Epidermodysplasia verruciformis (EV) is characterized by persistent cutaneous lesions caused by a specific group of related human papillomavirus genotypes (EV-HPVs) in otherwise healthy individuals. Autosomal recessive (AR) EVER1 and EVER2 deficiencies account for two thirds of known cases of EV. AR RHOH deficiency has recently been described in two siblings with EV-HPV infections as well as other infectious and tumoral manifestations. We report here the whole-exome based discovery of AR MST1 deficiency in a 19-year-old patient with a T-cell deficiency associated with EV-HPV, bacterial and fungal infections. MST1 deficiency has recently been described in seven patients from three unrelated kindreds with profound T-cell deficiency and various viral and bacterial infections. The patient was also homozygous for a rare ERCC3 variation. Our findings broaden the clinical range of infections seen in MST1 deficiency and provide a new genetic etiology of susceptibility to EV-HPV infections.
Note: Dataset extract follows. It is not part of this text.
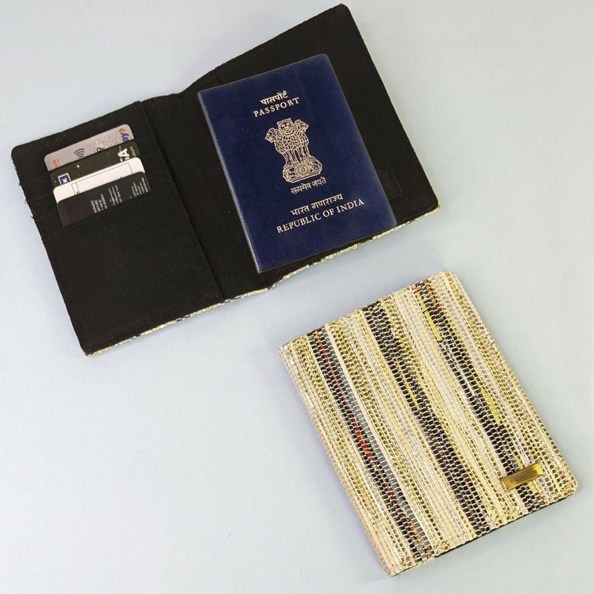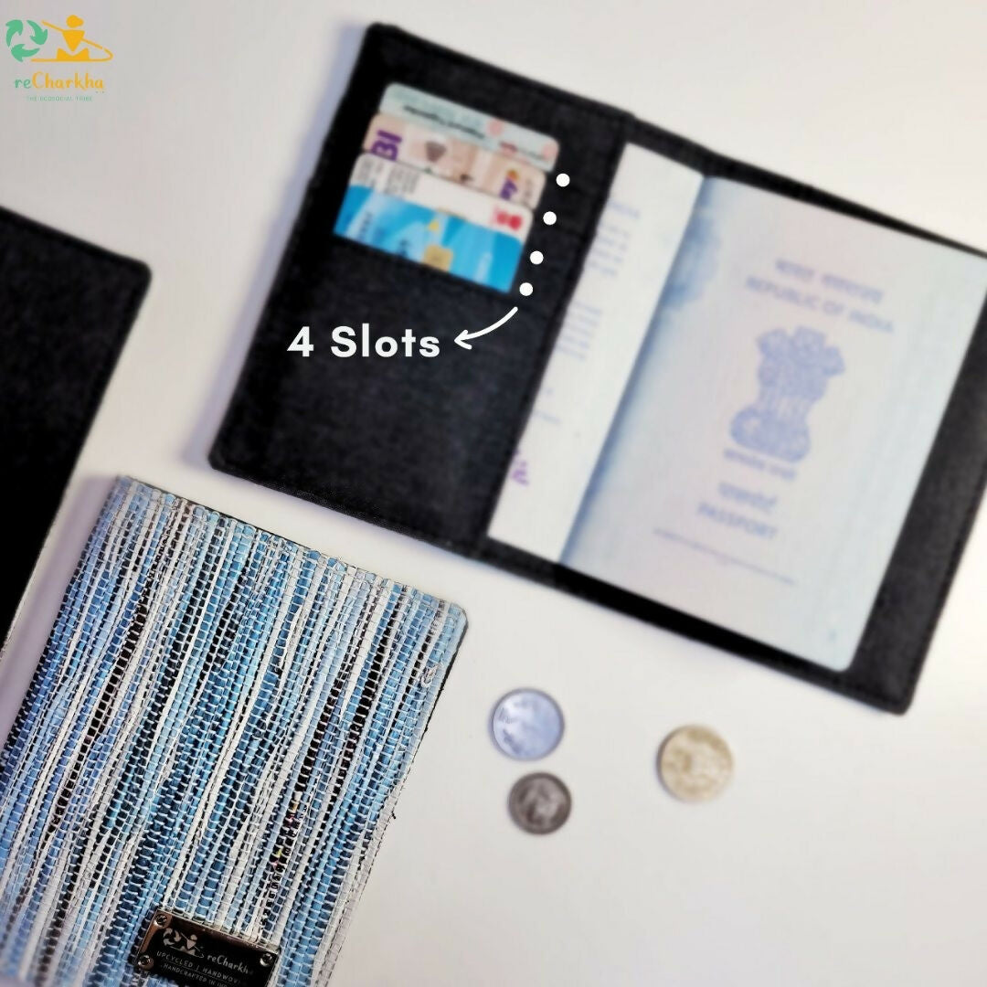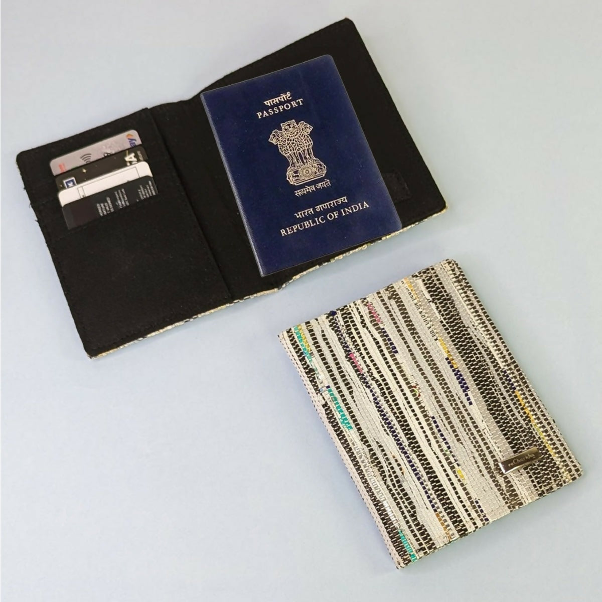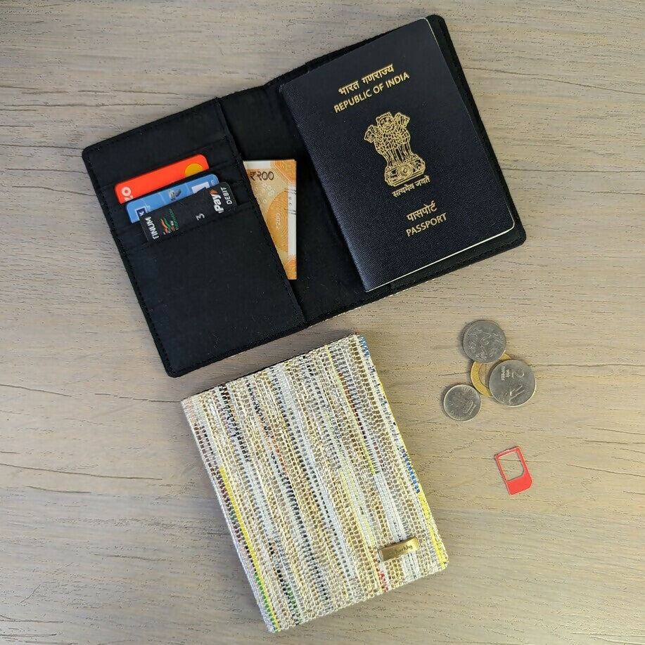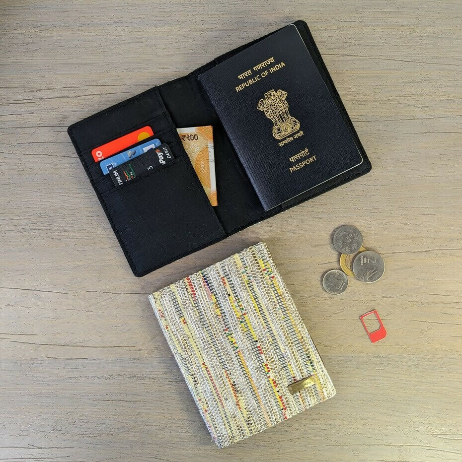reCharkha's eye catching UPCYCLED HANDWOVEN Passport cover is a fun and handy accessory to secure your passport and store your important cards.

Together with the recent discovery of RHOH deficiency, they suggest that T cells are involved in the control of EV-HPVs, at least in some individuals.

Highlights

  • Epidermodysplasia verruciformis (EV) is a rare genodermatosis characterized by persistent cutaneous lesions caused by a specific group of related human betapapillomavirus genotypes (EV-HPVs) in otherwise healthy individuals [1,2]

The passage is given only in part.